**WORK TASK:**
The answer must consist solely of the lines below starting at the one containing "Style matte ceramic" and ending at the one containing "The CPRO-800LP model", repeated exactly, with both ends included and all pictures omitted.
*** Opening of INPUT RECORDS ***
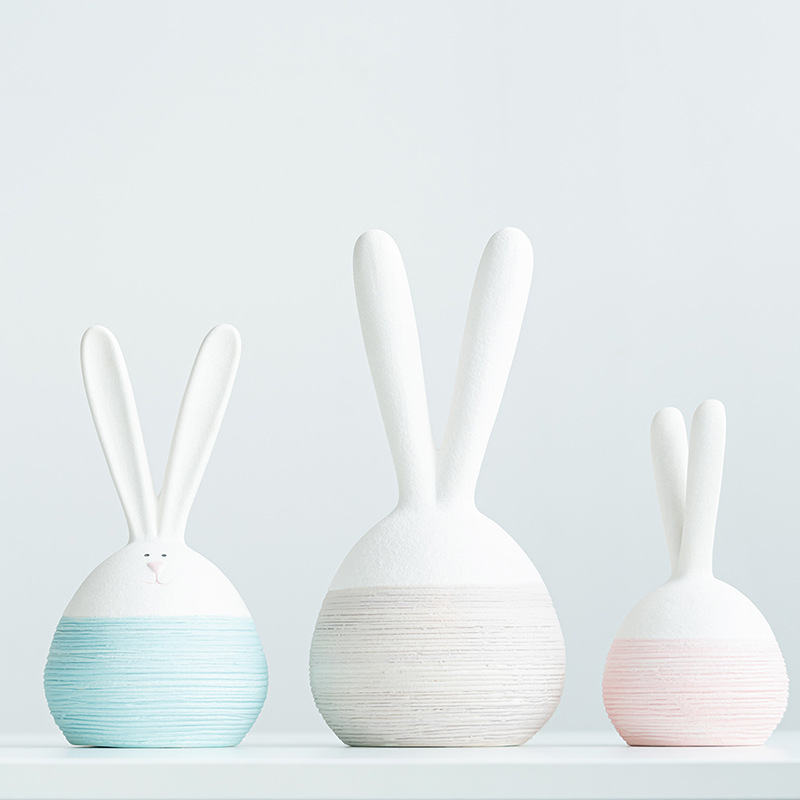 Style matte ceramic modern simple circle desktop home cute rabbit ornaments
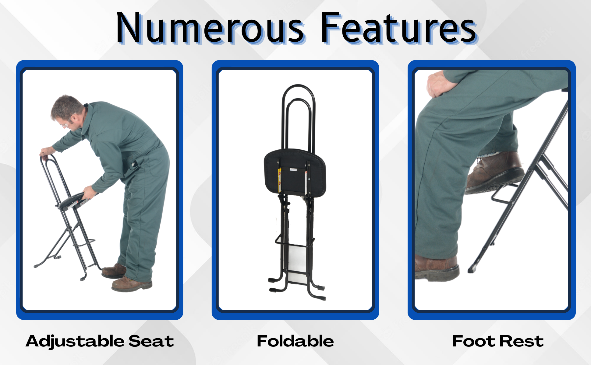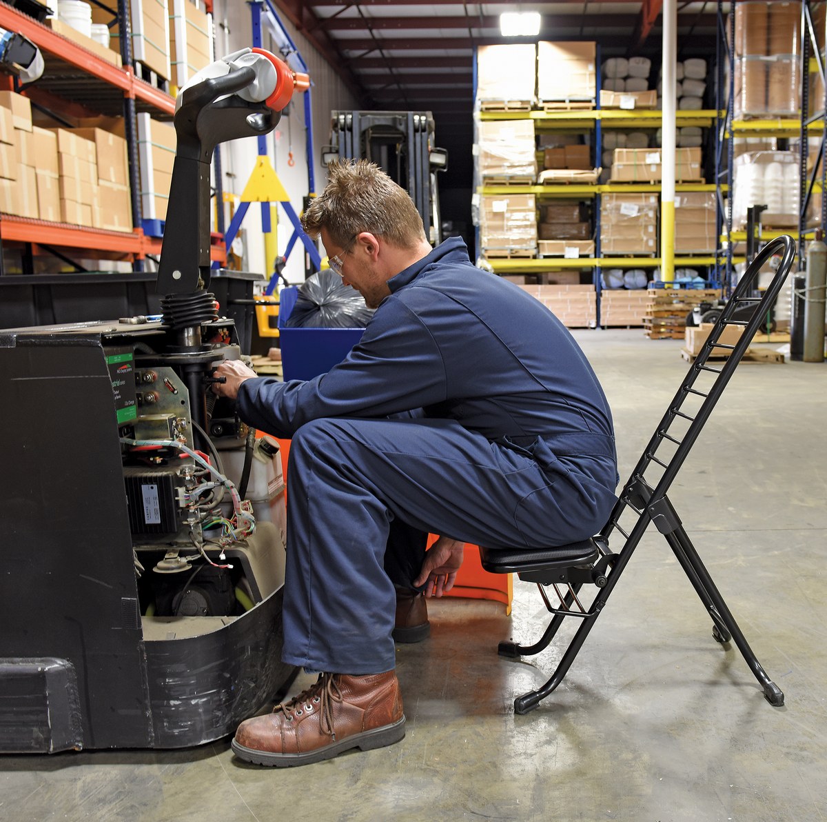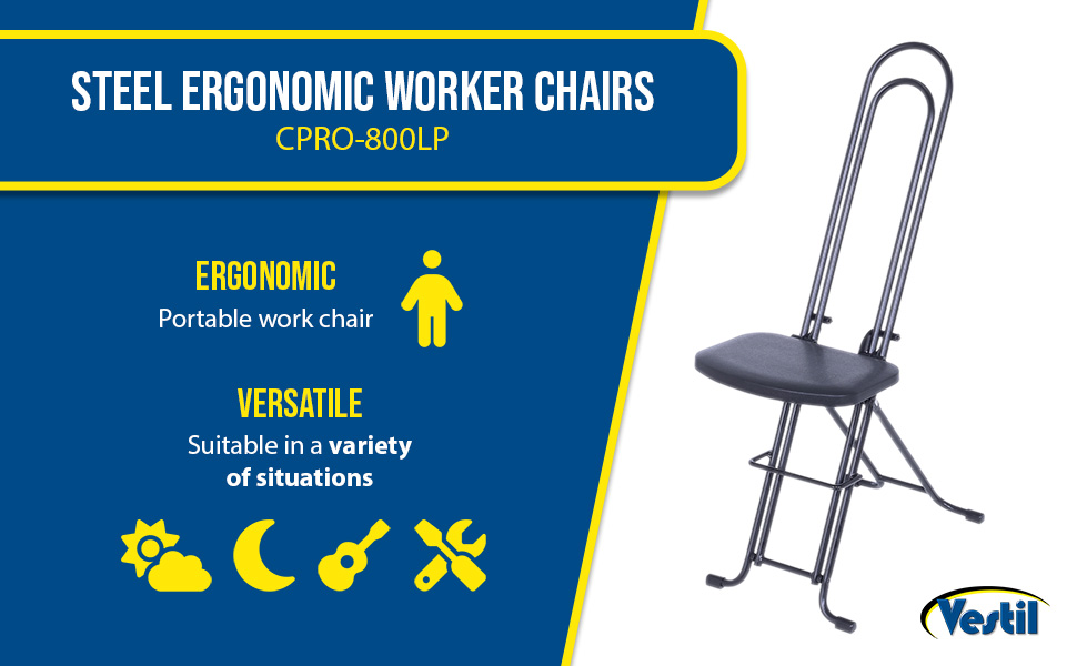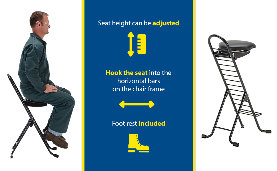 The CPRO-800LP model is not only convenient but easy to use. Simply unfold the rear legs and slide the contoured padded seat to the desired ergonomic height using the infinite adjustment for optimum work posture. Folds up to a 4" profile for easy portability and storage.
*** Close of INPUT RECORDS ***
*** Opening of INPUT RECORDS ***
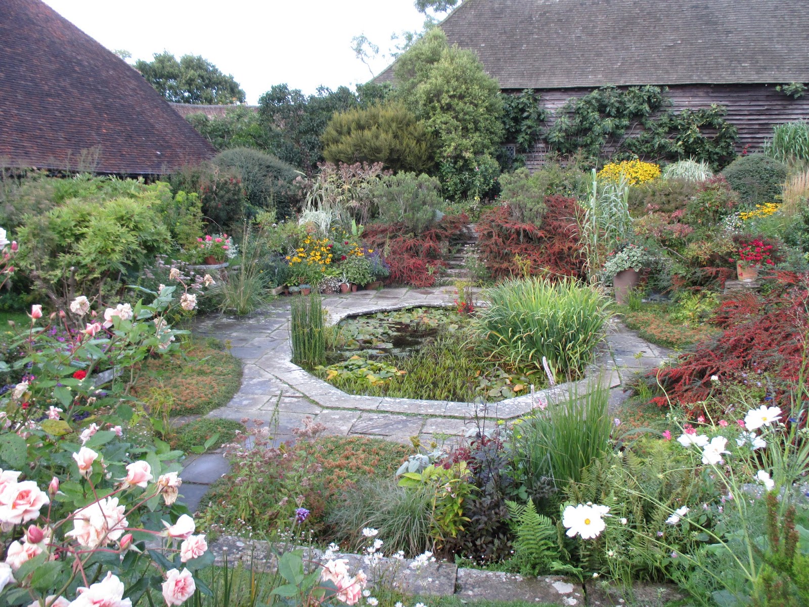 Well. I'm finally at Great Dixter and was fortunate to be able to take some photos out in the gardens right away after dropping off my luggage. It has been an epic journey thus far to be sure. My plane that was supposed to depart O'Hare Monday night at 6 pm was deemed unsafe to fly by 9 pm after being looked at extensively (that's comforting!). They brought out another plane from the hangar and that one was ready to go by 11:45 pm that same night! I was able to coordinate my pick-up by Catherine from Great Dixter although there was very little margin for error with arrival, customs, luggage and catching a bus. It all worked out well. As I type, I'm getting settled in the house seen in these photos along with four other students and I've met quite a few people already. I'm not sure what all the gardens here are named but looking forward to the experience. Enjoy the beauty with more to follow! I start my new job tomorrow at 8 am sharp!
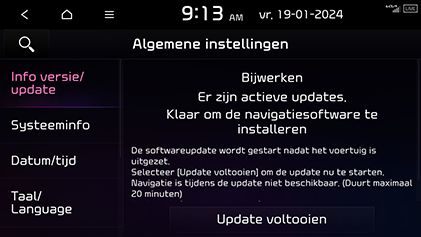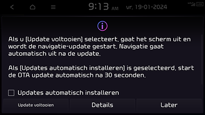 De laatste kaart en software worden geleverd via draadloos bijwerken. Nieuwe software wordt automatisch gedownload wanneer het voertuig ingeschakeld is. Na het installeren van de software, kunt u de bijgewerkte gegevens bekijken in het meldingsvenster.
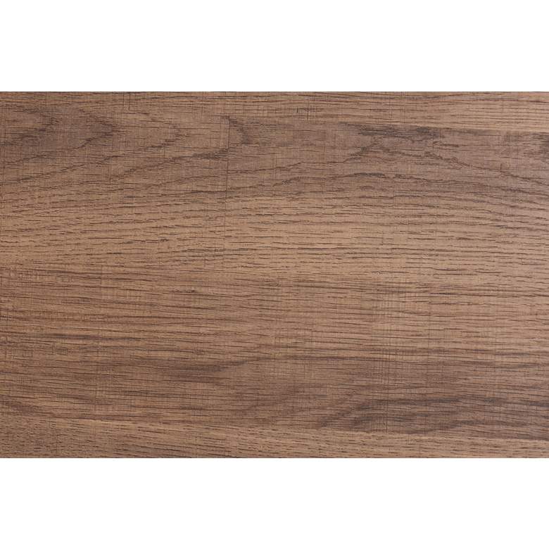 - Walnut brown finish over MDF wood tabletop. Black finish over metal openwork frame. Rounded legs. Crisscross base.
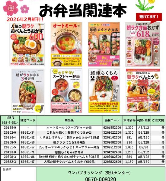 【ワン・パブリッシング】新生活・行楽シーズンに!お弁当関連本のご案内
*** Close of INPUT RECORDS ***
**EXERCISE SOLUTION:**
 Style matte ceramic modern simple circle desktop home cute rabbit ornaments
 The CPRO-800LP model is not only convenient but easy to use. Simply unfold the rear legs and slide the contoured padded seat to the desired ergonomic height using the infinite adjustment for optimum work posture. Folds up to a 4" profile for easy portability and storage.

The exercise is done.